*** Begin section ***
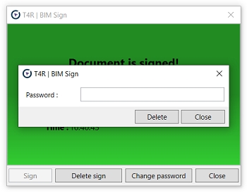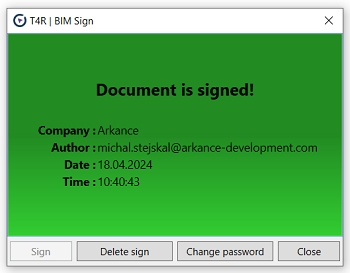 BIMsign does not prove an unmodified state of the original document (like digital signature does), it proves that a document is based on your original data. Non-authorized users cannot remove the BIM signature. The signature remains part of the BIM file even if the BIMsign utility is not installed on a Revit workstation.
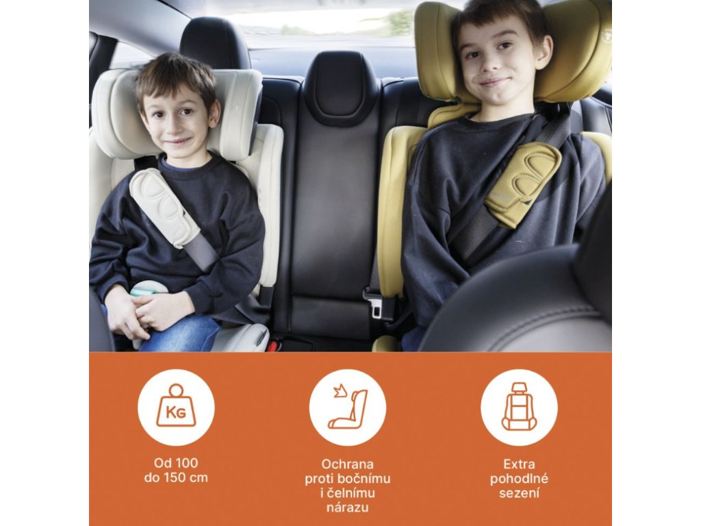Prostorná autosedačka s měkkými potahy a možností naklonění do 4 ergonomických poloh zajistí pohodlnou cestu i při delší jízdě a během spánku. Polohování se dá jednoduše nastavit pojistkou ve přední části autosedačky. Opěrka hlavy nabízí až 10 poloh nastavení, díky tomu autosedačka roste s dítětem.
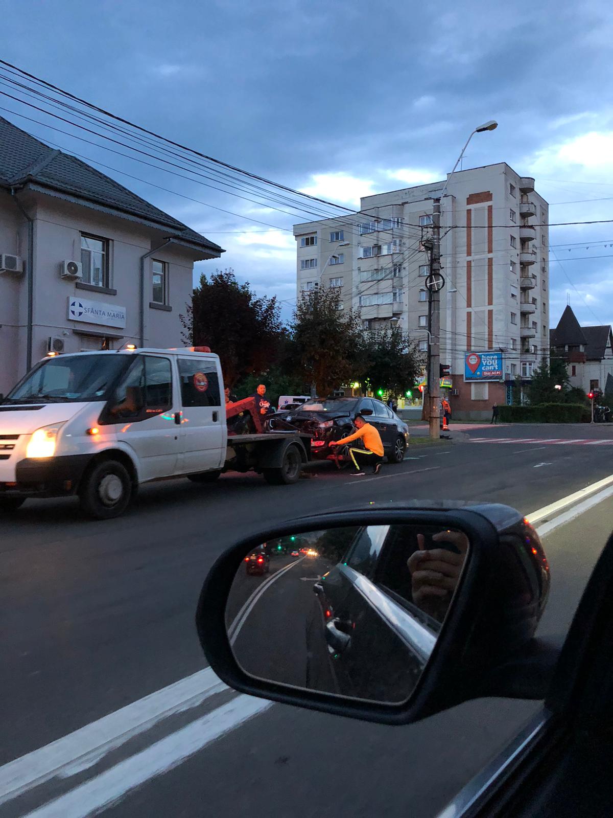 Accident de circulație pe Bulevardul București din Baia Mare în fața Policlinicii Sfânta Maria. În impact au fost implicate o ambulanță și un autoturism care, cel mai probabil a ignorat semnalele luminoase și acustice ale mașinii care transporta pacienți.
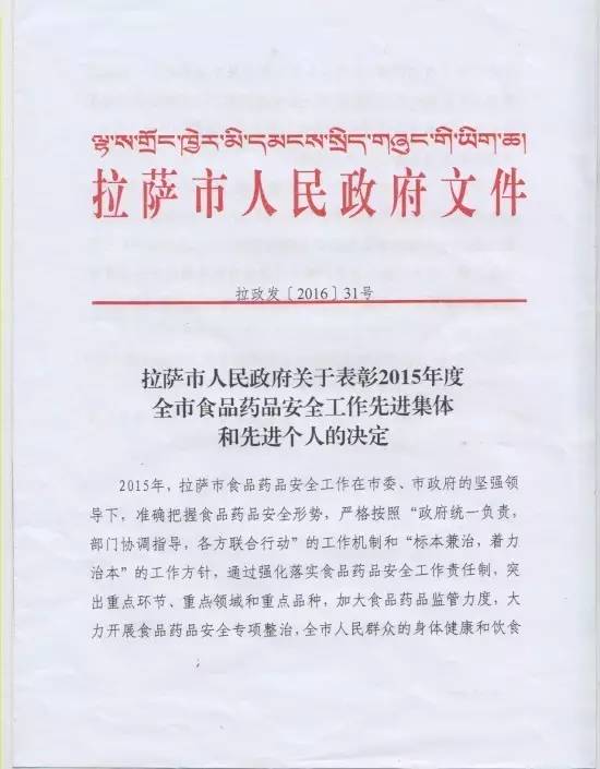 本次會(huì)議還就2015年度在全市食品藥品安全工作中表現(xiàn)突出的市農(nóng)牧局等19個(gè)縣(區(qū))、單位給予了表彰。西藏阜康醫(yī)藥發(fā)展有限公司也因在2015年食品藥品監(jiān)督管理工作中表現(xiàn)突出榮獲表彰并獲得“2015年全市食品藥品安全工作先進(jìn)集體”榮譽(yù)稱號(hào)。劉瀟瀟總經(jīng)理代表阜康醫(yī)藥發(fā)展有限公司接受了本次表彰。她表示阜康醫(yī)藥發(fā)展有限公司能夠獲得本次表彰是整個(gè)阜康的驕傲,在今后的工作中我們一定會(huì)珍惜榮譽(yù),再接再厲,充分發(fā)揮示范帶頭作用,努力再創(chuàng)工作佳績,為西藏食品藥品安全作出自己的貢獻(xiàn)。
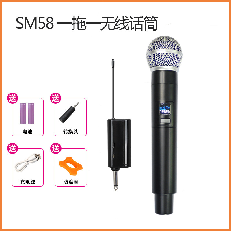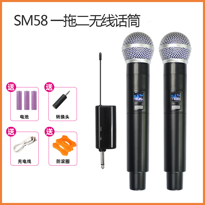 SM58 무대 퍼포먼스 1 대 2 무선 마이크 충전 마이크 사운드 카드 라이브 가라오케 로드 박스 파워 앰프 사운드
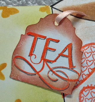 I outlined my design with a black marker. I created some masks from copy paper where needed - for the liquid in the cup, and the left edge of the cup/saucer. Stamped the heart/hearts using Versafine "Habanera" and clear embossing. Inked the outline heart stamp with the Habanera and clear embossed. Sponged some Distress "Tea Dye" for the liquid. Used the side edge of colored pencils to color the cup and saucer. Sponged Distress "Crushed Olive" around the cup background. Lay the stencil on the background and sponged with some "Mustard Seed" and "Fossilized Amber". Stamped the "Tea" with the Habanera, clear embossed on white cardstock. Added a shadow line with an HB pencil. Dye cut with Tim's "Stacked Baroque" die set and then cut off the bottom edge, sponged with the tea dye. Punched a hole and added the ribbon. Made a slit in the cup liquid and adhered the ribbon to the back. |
*** End section ***
Each line from the top of the material through the line containing "Accident de circulație" should be reproduced exactly; please drop any images.

 BIMsign does not prove an unmodified state of the original document (like digital signature does), it proves that a document is based on your original data. Non-authorized users cannot remove the BIM signature. The signature remains part of the BIM file even if the BIMsign utility is not installed on a Revit workstation.
Prostorná autosedačka s měkkými potahy a možností naklonění do 4 ergonomických poloh zajistí pohodlnou cestu i při delší jízdě a během spánku. Polohování se dá jednoduše nastavit pojistkou ve přední části autosedačky. Opěrka hlavy nabízí až 10 poloh nastavení, díky tomu autosedačka roste s dítětem.
 Accident de circulație pe Bulevardul București din Baia Mare în fața Policlinicii Sfânta Maria. În impact au fost implicate o ambulanță și un autoturism care, cel mai probabil a ignorat semnalele luminoase și acustice ale mașinii care transporta pacienți.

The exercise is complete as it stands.